Philippe Martinez Comme dans tout mouvement social fort, il y a un processus de montée en puissance. C’est le sens de l’appel de notre congrès. Jusqu’ici, nous avons réussi à mettre en échec la tentative de division du gouvernement entre la jeunesse et les salariés. Nous avons maintenu la pression, avec des mobilisations intéressantes, quand le gouvernement voulait profiter d’une période de congés scolaires pour arrêter la contestation. Les salariés pensaient légitimement qu’un gouvernement dit de gauche allait changer d’avis avec les mobilisations. Or nous nous retrouvons dans la même situation qu’en 2010 (lors du mouvement contre la réforme des retraites de Sarkozy – NDLR). Nous faisons le constat que la mobilisation ne suffit pas, c’est pour cela que nous avons appelé à rassembler les salariés, à débattre avec eux afin de durcir le mouvement, avec par exemple des grèves qui se prolongent. Ce travail commence à payer. Dès lundi soir, les routiers lancent une grève reconductible. Les cheminots devraient décider aujourd’hui (mercredi – NDLR) de deux jours de grève qui pourraient se programmer dès la semaine prochaine et reconductibles de semaine en semaine. Les salariés d’Aéroports de Paris, d’Air France, mais aussi ceux de l’énergie et de la pétrochimie discutent d’une possible grève reconductible. Le processus de renforcement de la mobilisation est en train de se mettre en œuvre. Ce sont des décisions difficiles à prendre, il ne suffit pas d’appuyer sur un bouton.
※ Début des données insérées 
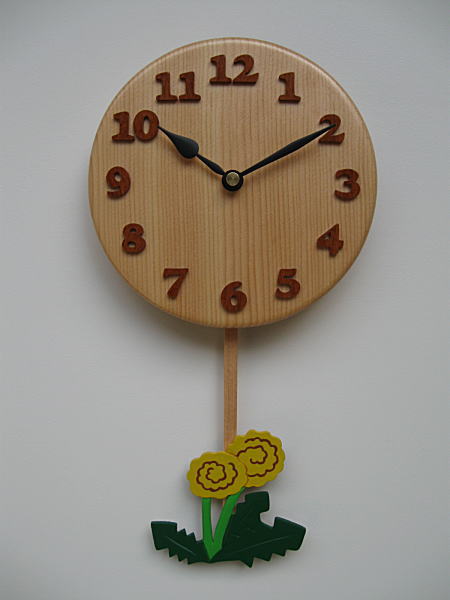 | 幼稚園の「クラス名」の【タンポポ組】の【タンポポ】を振り子に使った卒園記念の 振り子時計です。 これは園児様に贈るものではなく、保護者様から幼稚園様へお贈りする記念品です。 同園にはこの他に「13種類」の振り子時計をお作りしました。

Les salariés semblent décidés à s’engager dans un mouvement plus dur.

Après les violences survenues lors des derniers défilés, comment rassurer les salariés qui souhaitent se rendre aux manifestations ?
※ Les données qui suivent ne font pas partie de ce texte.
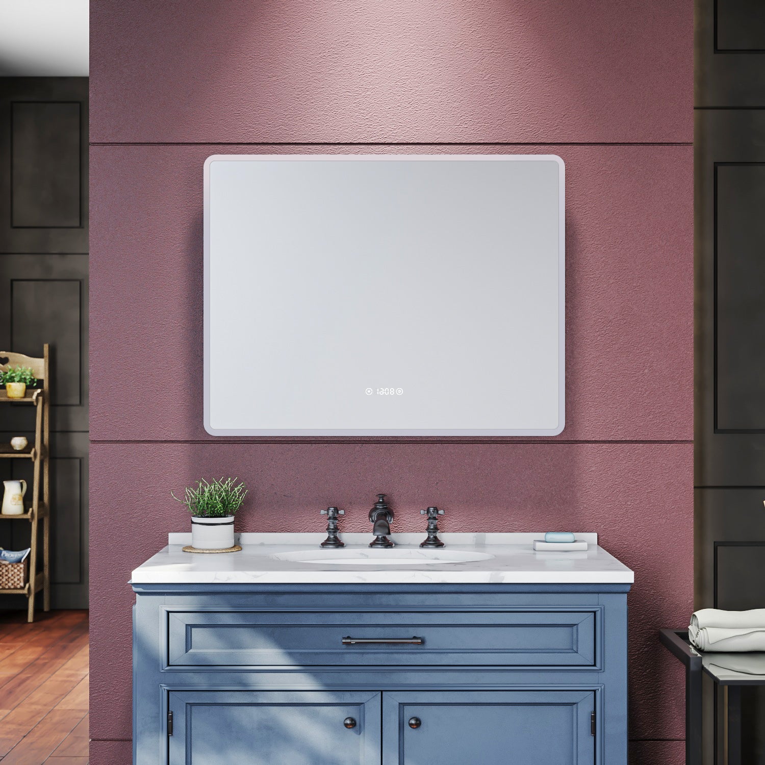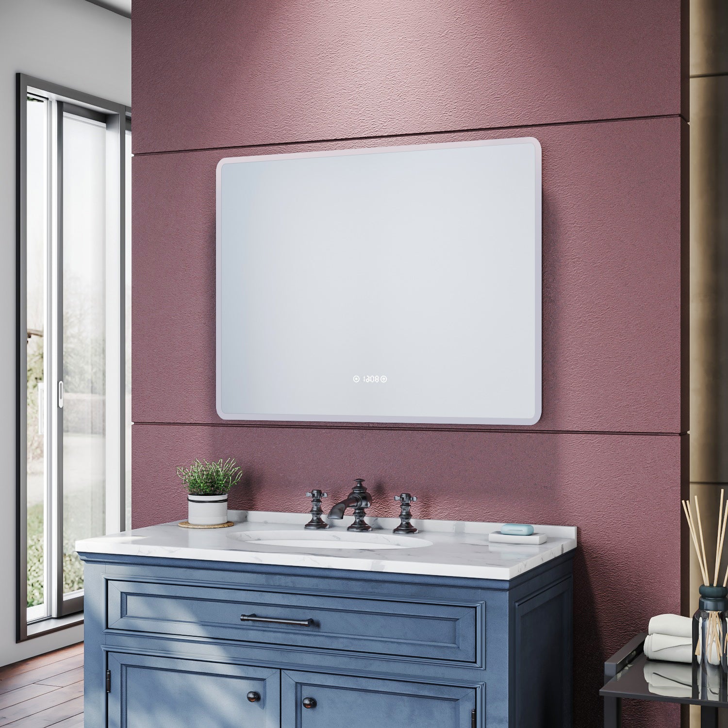 SIRHONA Miroir de salle de bains 900x700x35mm - Miroir mural cosmétique LED - Trois températures de couleur - Anti-buée avec réglage de l'heure

Philippe Martinez Il n’y a eu aucun problème dans les cortèges. Il y a des problèmes hors des cortèges, avec des groupes, toujours les mêmes, qui font des actes de violence mais qui agissent librement à chaque manifestation. Le gouvernement essaie de mettre la responsabilité sur les organisations syndicales et leurs services d’ordre pour dissuader les gens de manifester. Le gouvernement doit assumer les siennes, en interdisant ceux qui cassent de pouvoir continuer de le faire et en laissant les manifestants manifester.
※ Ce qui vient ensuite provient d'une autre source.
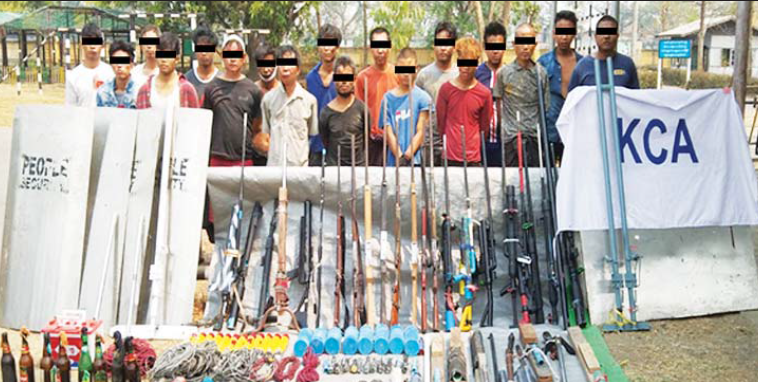 ထိုသို့ လူစုခွဲထိန်းသိမ်းစဉ် ဆူပူအကြမ်းဖက်သူများအနက် ရှေ့ဆုံးမှ ဦးဆောင်သူ အမျိုးသား ၁၈ ဦးကို ၎င်းတို့ ကိုင်ဆောင်အသုံးပြုလာသည့် 12 bore ကျည်ဖြင့် ပစ်ခတ်ရသော လုပ်သေနတ် ၄ လက်၊ လက်လုပ်သေနတ် ၁၁ လက်၊ ဂတ်စ်သေနတ် ၁၂ လက်၊ တူမီးသေနတ် ၄ လက်၊ လက်လုပ်ဗုံး ၅ လုံး၊ လက်လုပ်မိုင်း ၈ လုံး၊ 12 bore ကျည် ၄၁ တောင့်၊ မီးပုလင်း ၈ လုံး၊ ဝါယာကြိုး ၈ ခွေ၊ ဘထ္ထရီ ၁ လုံး၊ သတ္ထုဒိုင်း ၄ ခု၊ ဆူပူအကြမ်းဖက်ရာတွင် အသုံးပြုသည့် အခြားဆက်စပ်ပစ္စည်းများနှင့်အတူ ဖမ်းဆီး ထိန်းသိမ်းရမိခဲ့သည်။

Vous avez avancé une contre-proposition avec le Code du travail du XXIe siècle, plus protecteur. Pourtant, le mouvement social s’est surtout focalisé sur le retrait du projet de loi. N’est-ce pas un handicap ?

Philippe Martinez Travailler les alternatives, cela nécessite du temps. Nous vivons dans un pays et dans un monde où globalement on nous fait croire qu’il faudrait tous penser la même chose. Ceux qui souhaitent apporter une autre vision du monde sont muselés ou au mieux qualifiés d’archaïques. La CGT a fait des propositions que nous devons porter plus fort, en nous appuyant sur des éléments qui existent dans la loi. Je fais par exemple référence à la sécurité sociale professionnelle, qui pourrait nourrir le compte personnel d’activité. Il faut que les militants CGT ne lâchent rien sur les alternatives. Lorsque les perspectives se développent, la mobilisation se trouve renforcée. Les salariés veulent du changement, la CGT doit porter ce changement. Il y a un an, sur les 32 heures, nous avons tout entendu. Or je constate que, depuis, 160 personnalités très diverses ont signé un texte pour affirmer que la réduction du temps de travail est une question qui se pose aujourd’hui.

Partagez-vous l’idée d’un référendum sur la loi El Khomri comme le propose FO ?

Philippe Martinez Je ne suis pas convaincu que, à l’heure actuelle, le gouvernement soit disposé à organiser un référendum sur le sujet. En revanche, l’idée de permettre aux salariés et plus largement aux citoyens de s’exprimer retient toute notre attention. Dans le passé, nous avons organisé une votation citoyenne sur la privatisation de la poste avec un succès considérable. C’est une initiative qui est envisageable, à laquelle nous réfléchissons.